Mantenimiento y Consejos Adicionales
- No Planchar Demasiado a Menudo: Aunque sigas todos los consejos, el calor constante puede debilitar tu cabello. Intenta no plancharlo a diario. Alterna con peinados que no requieran calor o usa tu plancha solo para retoques.
- Limpieza de la Plancha: Los residuos de productos para el cabello pueden acumularse en las placas de tu plancha. Límpialas regularmente (cuando estén frías y desenchufadas) con un paño húmedo y un poco de alcohol isopropílico. Esto asegura un deslizamiento suave y evita que los residuos se quemen en tu cabello.
- Cortes Regulares: Las puntas abiertas son más notorias en el cabello liso. Programa cortes de puntas regulares para mantener tu cabello sano y con un aspecto pulcro.
- Tratamientos de Hidratación: Incorpora mascarillas capilares hidratantes y tratamientos de acondicionamiento profundo en tu rutina semanal para reponer la hidratación y la fuerza de tu cabello, compensando la exposición al calor.
Preguntas Frecuentes (FAQ)
¿Con qué frecuencia puedo planchar mi cabello sin dañarlo?
Idealmente, no deberías planchar tu cabello a diario. Limita el uso de la plancha a dos o tres veces por semana como máximo. Darle un respiro a tu cabello del calor es esencial para su salud a largo plazo. Los días intermedios, puedes optar por peinados recogidos, ondas naturales o simplemente dejarlo secar al aire.
¿Es realmente necesario usar protector de calor? ¿Qué pasa si no lo uso?
Sí, es absolutamente necesario. El protector de calor crea una barrera protectora entre el cabello y el calor extremo, minimizando el daño. Si no lo usas, expones la cutícula de tu cabello directamente al calor intenso, lo que puede causar deshidratación, rotura, puntas abiertas, pérdida de brillo y un cabello más propenso al frizz. Es la inversión más pequeña para proteger tu melena.

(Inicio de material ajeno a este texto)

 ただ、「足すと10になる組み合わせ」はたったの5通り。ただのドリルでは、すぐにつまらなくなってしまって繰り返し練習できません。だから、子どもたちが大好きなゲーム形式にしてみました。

¿Puedo planchar el cabello mojado o húmedo para ahorrar tiempo?
¡Definitivamente no! Planchar el cabello mojado o húmedo es una de las prácticas más dañinas. El agua dentro del cabello se calienta y hierve rápidamente, creando un daño interno severo que se manifiesta como burbujas en la fibra capilar, fragilidad extrema y un olor a quemado. Siempre asegúrate de que tu cabello esté 100% seco antes de usar la plancha.

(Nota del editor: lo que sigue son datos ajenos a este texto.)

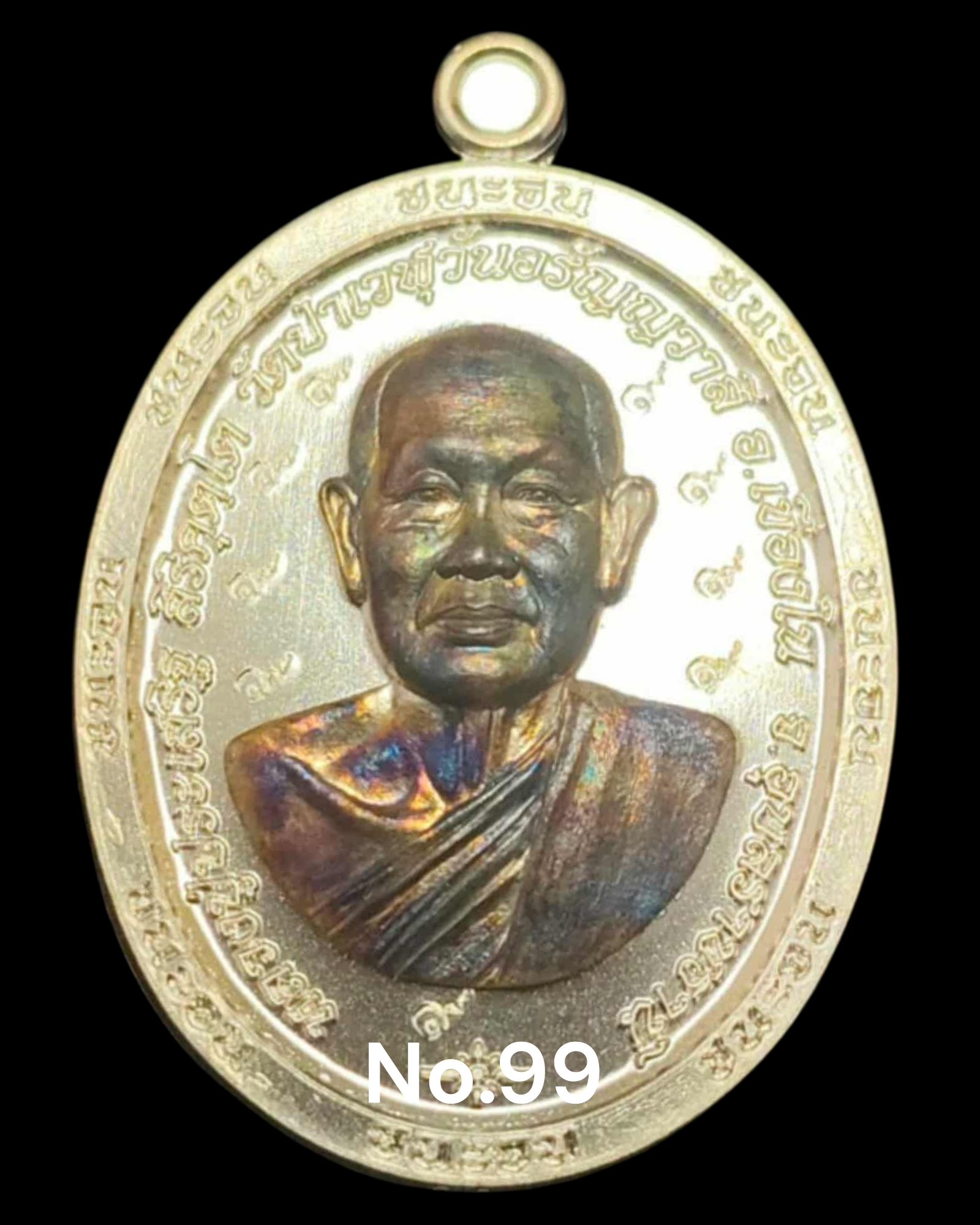 รุ่นชนะจน หลวงปู่ประเสริฐ สิริคุตโต : อัลปาก้าเพียว จีวรทาทอง (ลงท้ายด้วย1,5,9 ตอบ 9 รอบ หน้ากากนวะ สร้าง 278 เหรียญ เลข.99

¿Cómo limpio mi plancha correctamente?
Para limpiar tu plancha, asegúrate de que esté completamente fría y desenchufada. Luego, con un paño suave ligeramente humedecido con agua y un poco de alcohol isopropílico (o un limpiador específico para planchas), frota suavemente las placas para eliminar cualquier residuo de producto o suciedad. Nunca uses productos abrasivos ni sumerjas la plancha en agua.

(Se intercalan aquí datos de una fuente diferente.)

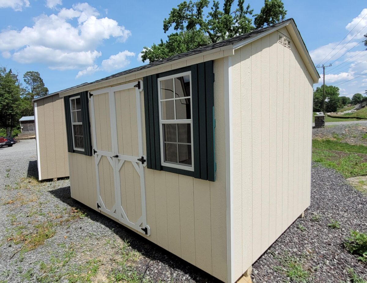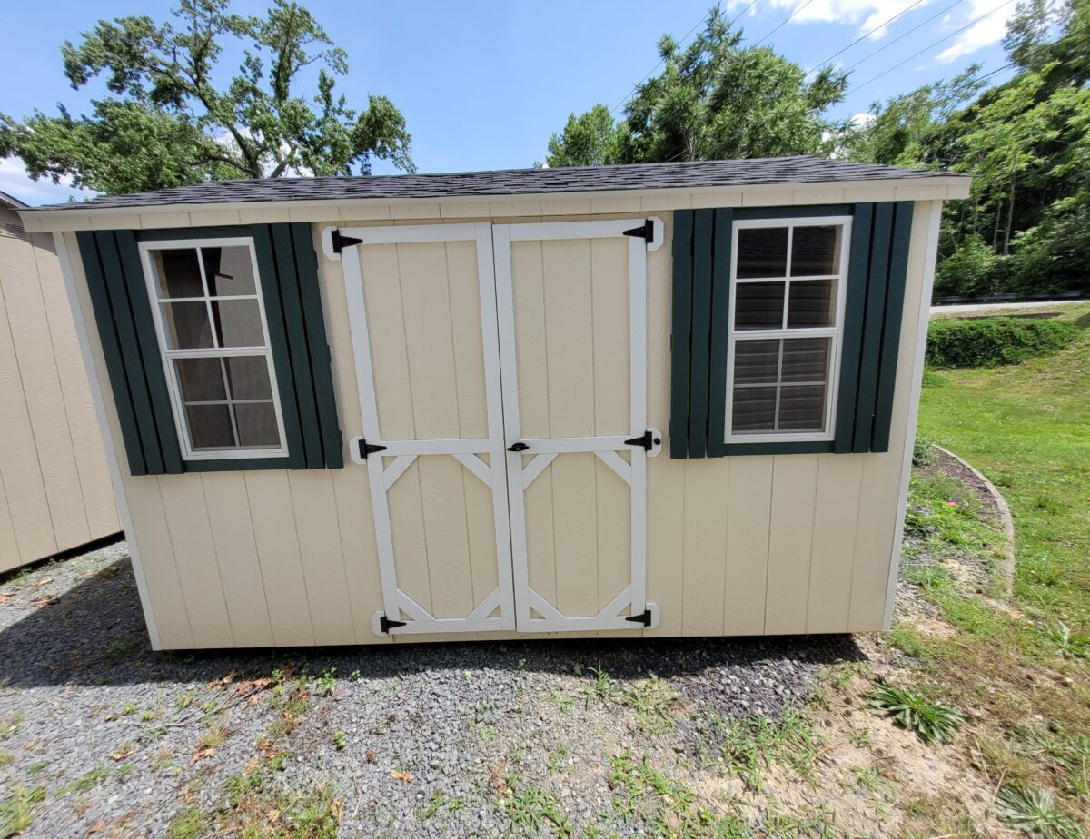 Featured in a cream body, white trims, green shutters and a charcoal roof size 8×12

Mi cabello se ve opaco y sin vida después de plancharlo. ¿Qué estoy haciendo mal?
Varias razones podrían causar esto: usar una temperatura demasiado alta para tu tipo de cabello, planchar el cabello húmedo, no usar protector de calor, o no aplicar un producto de acabado que aporte brillo. También podría ser un signo de que tu cabello necesita más hidratación y nutrición en tu rutina general de cuidado. Asegúrate de seguir todos los pasos de preparación y finalización para un brillo óptimo.
Dominar el arte del planchado de cabello requiere práctica, pero siguiendo estos pasos y utilizando las herramientas adecuadas, podrás lograr un cabello liso, brillante y, lo más importante, saludable. Recuerda que la paciencia y la protección son tus mejores aliados en este proceso. ¡Disfruta de tu cabello perfectamente liso y radiante!